As others have stated, ordinary public liablity insurance would not cover you for this type of work, so if anything did go wrong, your insurance would not pay out!

Coshh, should be a given, using non tainting products only.

Ducts, extractors etc are a specialist area, requiring specialist equipment, and strict methods of operation and procedures.

In the present financial climate it is very tempting to take any sort of work, especially in this field as the rewards are very good, however, if you are not trained in this sort of work you could be held responsible for causing a fire, cases of food contamination, food poisoning, even death. You also could be held responsible for the closure of your client's business.
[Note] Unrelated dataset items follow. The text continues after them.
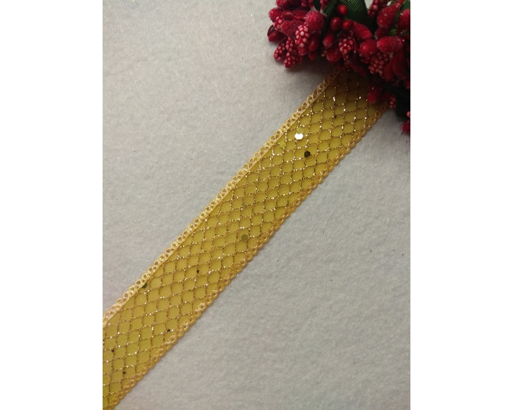 Лента с сеточкой и блестками 2,5 см, цв. золотой, цена за 1 м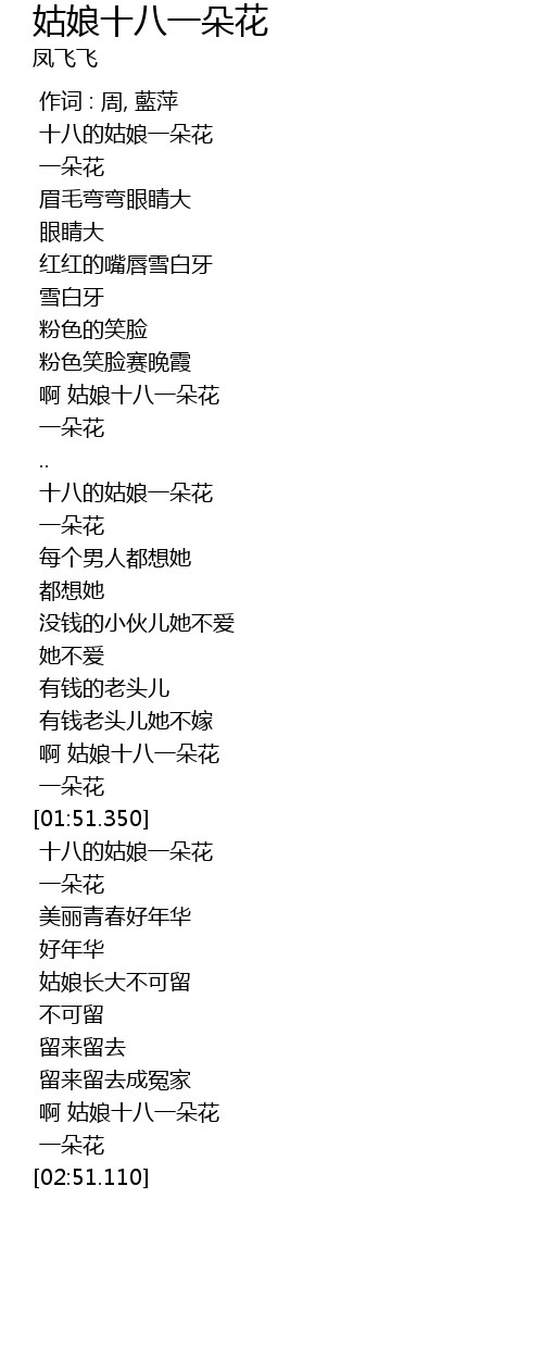 | [02:34.550] | a gū niáng shí bā yī duǒ huā |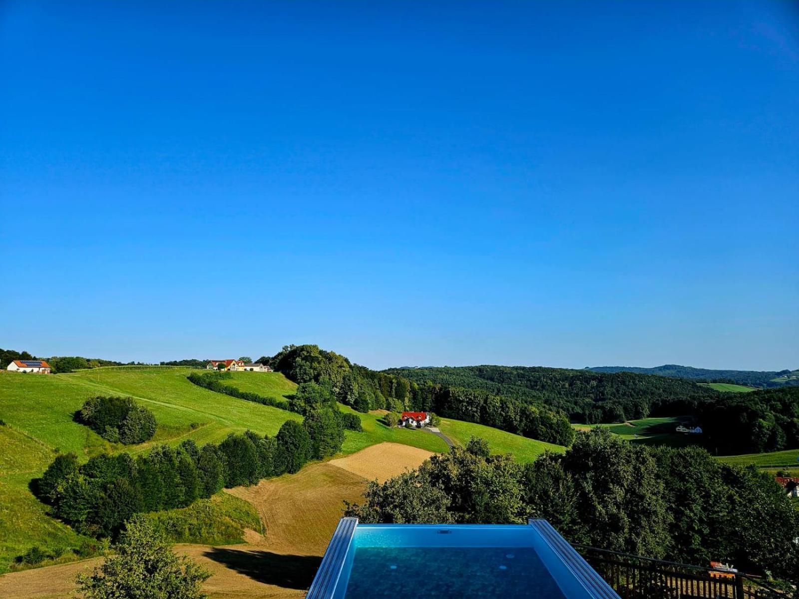 Piscina con acqua calda grande con vista panoramica.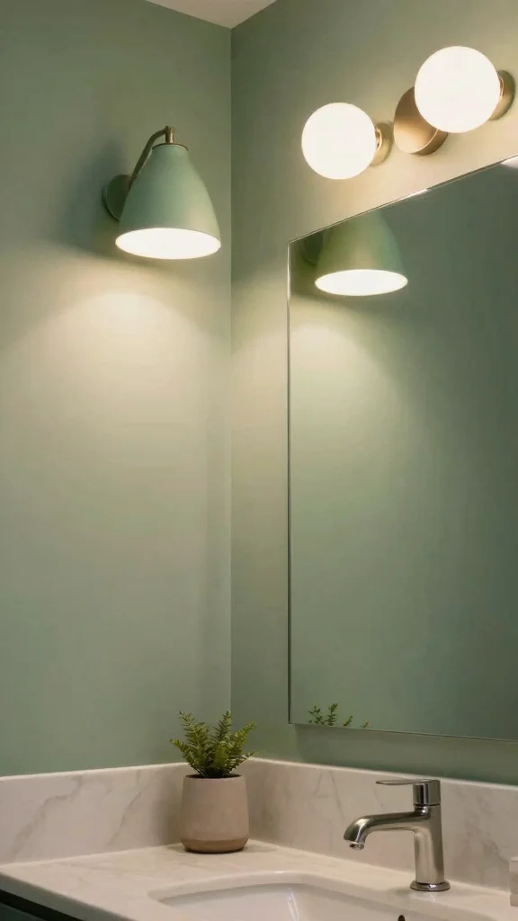 Select fixtures with matte finishes for a modern touch, and consider combining sage green with warm brass accents for added elegance. Ensuring ample light around mirrors is crucial for practicality, especially in smaller bathrooms.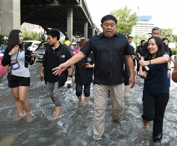 พล.ต.อ.อัศวิน ขวัญเมือง ผู้ว่าราชการกรุงเทพมหานคร(กทม.) ลงพื้นที่ตรวจจุดน้ำเร่งระบายบริเวณหน้าปั๊ม ปตท. วิภาวดี และหน้าอาคารการบินไทย สำนักงานใหญ่ ถ.วิภาวดี ซึ่งเกิดน้ำท่วมขังเนื่องจากมีฝนตกหนักตั้งแต่เวลาประมาณ 23.00 น. (13 ต.ค.) ต่อเนื่องจนถึงเวลา 06.00 น. ของเช้าวันนี้ (14 ต.ค.)

There is a world of difference in keeping a clean kitchen on a daily basis, and having a deep clean carried out.

Those on here and elsewhere who tell you to jump, are in my opinion, giving the wrong advice, they may have gotten away with it so far, but one day the chickens will in fact come home to roost!

cwmmarsham hospital kitchen is not a deep clean, but general kitchen cleaning, which can also be a good earner, although in my opinion is still a little cheap, not much but a little.

If you do decide to enter this segment of the market, be careful to distinguish between maintenance cleaning and a deep clean, but please remember to ensure that your insurance would cover you for general cleaning in a commercial kitchen as well.

Regards,

Rob
A world of difference....

Re: Commercial kitchen cleaning
« Reply #10 on: March 30, 2009, 05:20:36 pm »
I was sucked in to do a deepclean of a commercial kitchen and quoted £450 thinking they wouldn't entertain that sort of money.... I got the job and wished I hadn't, 2 of us worked solid for 8 hours and were absolutely sickened by the end of the day. This is seriously hard work and without having the correct tools of the trade, very laborious!  I clean ovens (Domestic) and wrongly thought that I could tackle a commercial kitchen clean.... I have since turned 3-4 commercial jobs down. I'll stick to what I know!!!!